We've been over all these things before. I don't really know where to even begin with this now. She thinks that having finished her requirements per 14 CFR 61, that she must be ready for a checkride. Her lack of knowledge is not due to, but rather despite my efforts. Anyone who ever trained under me, or knows my type of instruction, knows I am a relatively difficult instructor. I stress the knowledge above all. She's gotten much better at the maneuvers, but no amount of flying skill will save her from the lack of understanding at this juncture.

And I have to find a way to explain this to her, in a manner that will get her to actually try to learn something. I don't care how many cross-country flights she does. If she can't grasp how to determine airworthiness, or know the rules that apply to her, then she can never be a pilot.

I seriously doubt I can change her convoluted ideas of how much knowledge is enough. That means she will likely find a different instructor, who doesn't mind pushing her through, just to get paid for it. Me, I just envision other pilots up there, flying with only a few hundred feet of vertical separation, and flying patterns, and really want them to have a clue. So I won't compromise there.


2 Comments:

At 7:34 PM, Anonymous Ruth Holman said...

Hi

I looked up on our CAA website and did a search on the aircraft registration so I can tell you what type of Grumman lol! It's a Grumman American AA-5A.
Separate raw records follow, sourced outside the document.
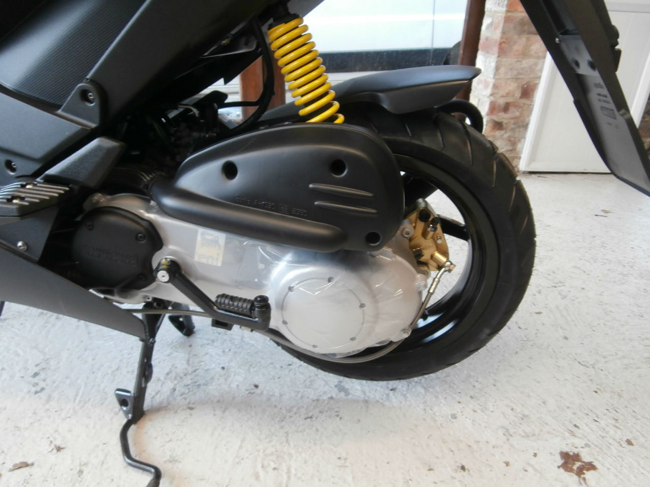 Now in stock in the new Mat Black. The best 50cc sports scooter available far superior to all other makes. stroke liquid cooled engine. front and rear discs 190mm with two piston calipers. 13" alloy wheels and tyres. silenced expansion chamber exhaust. 7lt fuel tank. rear race shock. For 0% finance. minimum deposit £500 over 24 months. Admin charge will apply. Contact us for further details. Email qrg@btconnect. com or tel 01536518319Finance deal 1. 99% base rate £2171 on the road. deposit £99. 00. 24 payments £96. 38 apr 13. 3%. total paid £2412. 12 or 36 months £65. 48 apr 10. 3%. total paid £2456. 28*Free delivery. depending on distance a contribution may be asked for.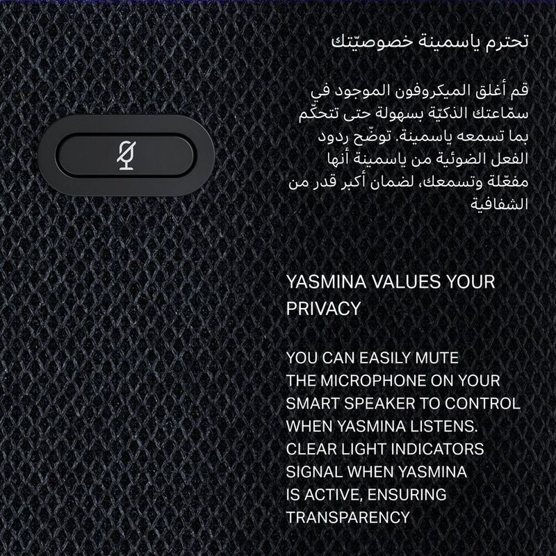 You can easily mute the microphone on your smart speaker to control when she listens. Clear light indicators signal when Yasmina is active, ensuring transparency.
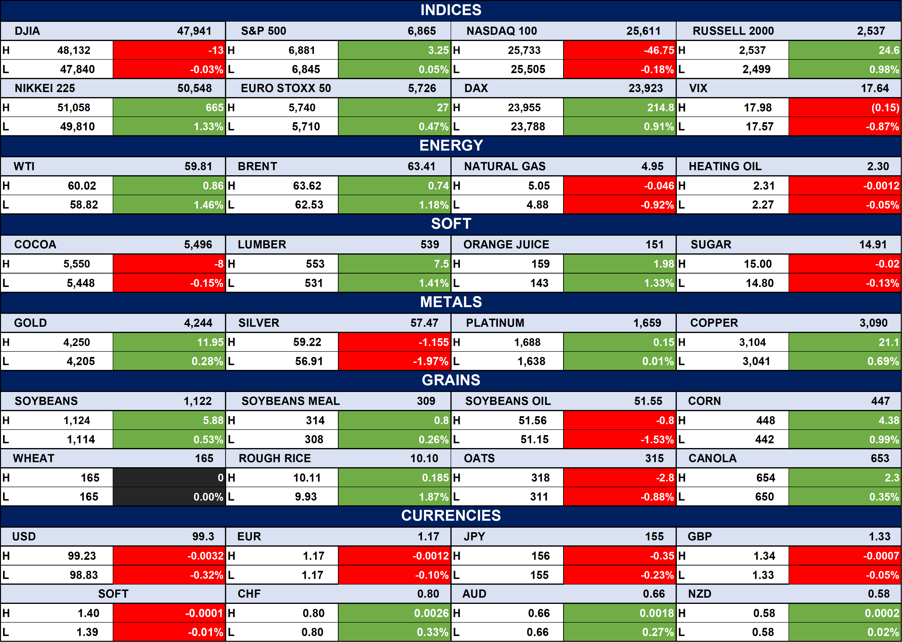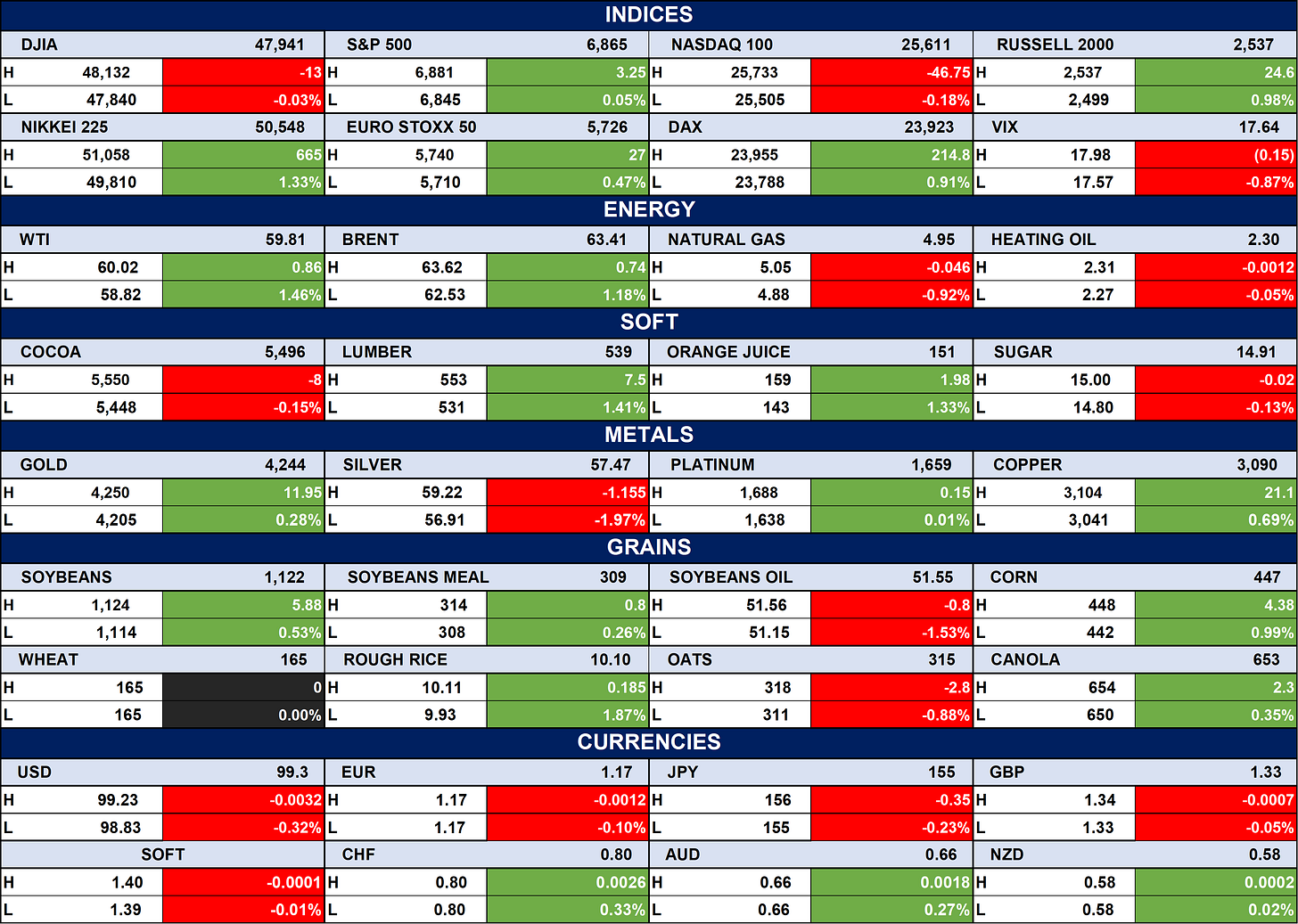 Most grains and soft commodities rose, and major currencies were broadly stable with only marginal movements.

OK, the third to last flight I'd had was with a different instructor (Josef) and it was a good lesson, he said I might not be too far away from solo. Next 2 lessons with Simon- both very hot summer days at the end of very busy days at work. Not good timing! I hadn't had time to wind down from work and I don't like the heat too much! Simon abruptly changed the way he instructed and I didn't at the time know why - now I do. I was still waiting for Simon to endorse my decisions, or answer my questions like he had before, and he didn't. So as well as grappling with the normal flying (which also happened to coincide both times with windshifts so changes of runway and circuit pattern)I was puzzling over why Simon was doing it differently. Result- when that pressure was on I didn't handle it very well and things went to pieces. One approach I ended up too high and we had to go around. Have you ever tried to do a go around when you've never been through it before and don't know what to do???
Anyway, after a few months hindsight, a lot of talking with Josef and the boss of the second job I do who is an ex B cat, (reading your notes and comments have helped too)I realise that JOsef must have talked to Simon to say he thought I was getting close to solo, so Simon knew I had to not rely on him so much, but rely on my own judgement- hence the change in his approach. So I knew I blew it, but that's actually OK now I know what was going on! I saw Simon on Monday and he said I was picking up on things like too high, too low etc but was not reacting quick enough (because I was waiting for him....) Hmm, so I think it's a confidence thing, and I have to admit I don't know how well I can overcome that. Have you got any suggestions?

Anyway, currency. The requirement is 3 take offs and landings in the 90 days prior in aircraft of the SAME type. So Simon must have been doing an awful lot of instructing in just the 152. Night currency is slightly different - 3 take offs and landings in the 90 days prior in a aircraft of SIMILAR type.

Oh, and in NZ a CFI is Chief Flying Instructor. It took me a while to figure the American version is Certified Flying Instructor. Here we have C, B and A category instructors. In gliding I think they also have D cats (possibly true too to power flight).

Ruth

Ruth

 
At 11:05 AM, Blogger also-known-as said...

One of the most difficult concepts to teach is to get the student behaving like the pilot in command. You now have insight into why that is difficult. Relying on your own decision-making process there, rather than that of the instructor, is a tough thing to get into your head.

Don't beat yourself up about it, just learn. You got a valuable lesson there.